お餅つきの指導をしてもらうというのも、おかしな話なのだけれど、やはりそこには知らない、技術や文化があるのだろう・・・・。 そんな訳で、会社の倉庫をひっくりかえしながら、道具を探した。石臼とその台はあったのだけれど、杵がなかった。
「
かけや」で代用したらどやぁ・・・。なんていう話は工務店的な会話だと思う。大阪の道具屋筋で、新たに買ってきた杵と比べると、
確かに、同じような道具でもその用途によって、頭や柄の長さ、大きさが全く違った。
木の蒸籠(せいろ)が出てきた。古い「木村」の刻印があった。ところが、 上蓋も蒸気が出る下蓋もなかった。どうしようかと、大工に話すと、沖棟梁が、「ワシがつくったるワ」といって、「本気」 で作りだしたのだ。

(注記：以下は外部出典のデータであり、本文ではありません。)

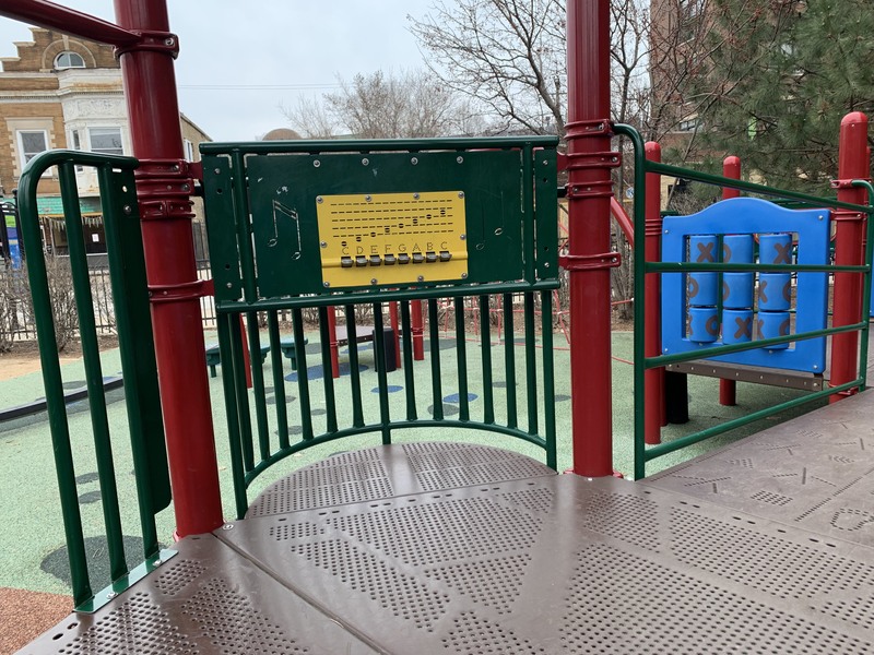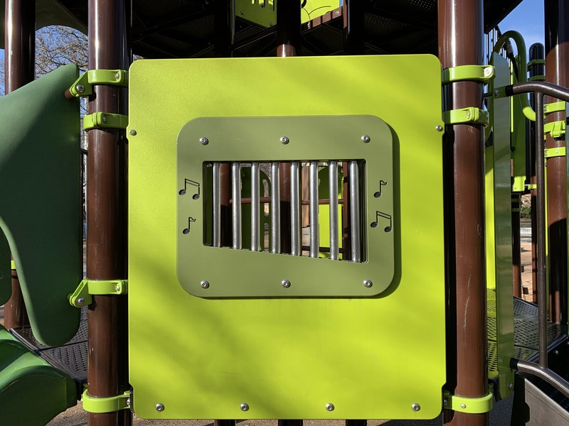 A musical panel consisting of moveable music notes that can strike spherical chimes.

「蟻」とい仕口を使った本格的なものだった。ビスを使ったら・・・と言うと、そりゃぁ、やっぱり、高温で蒸したりするから、アカン。
とスッパっと言い切られた。会社の刻印を押したのは、いつも、こだりの見積書を作る弊社のT桝氏だ。
釜で沸かしたお湯を水蒸気として吹き出させる下蓋の穴の大きさが問題だった。こんな小さな穴で・・・・というと、「5分(ぶ)穴やぁ、 これでないとアカン」という。5分とは約15mmの事だ。「もう少し大きい方が・・・」「いやいや、皆はそういうけど、そやないんや・・・」 と。「講釈をいうとやなぁ・・・・」という具合だった。
かつて、さまざまな地方で、さまざまな職人さんが、その穴の大きさについて、講釈をタレながら、愉快に論議している姿を想像してみた・ ・・・・。それはそれで、楽しそうじゃないかぁ・・・・・。

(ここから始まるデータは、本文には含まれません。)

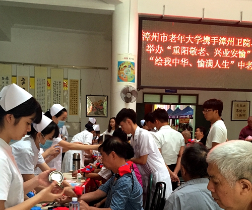 10月9日,正值重阳节,护理系“健康咨询队”、“中医保健队”师生一行20余人在漳州市老年大学开展“九九重阳享健康 敬老爱老送温情”社会服务活动。

前日に餅米を洗っておけ!という指示が出た。なるほど、確かに。一升五合ほどのお米を洗うのも大変だなぁ・・・と、考えていると、 親父が、近くの寿司屋さんに掛け合って、米の洗い器を調達して来てくれた。これは、なかなか、便利だった。お礼にお寿司をとることにした。
お湯は、杵や臼を暖めたりするための釜と、蒸すための釜の二つが必要だった。さぁ、何で、お湯を沸かすのか・・・・。ガス・・・。 いやいやそれは・・・。工務店だから薪は豊富だった。煙突付きの鋳物製の窯を買おうか・・・・。ひとつは、それも良しとして、やっぱり、 蒸す方の釜はブロックで窯を作ろう・・・・。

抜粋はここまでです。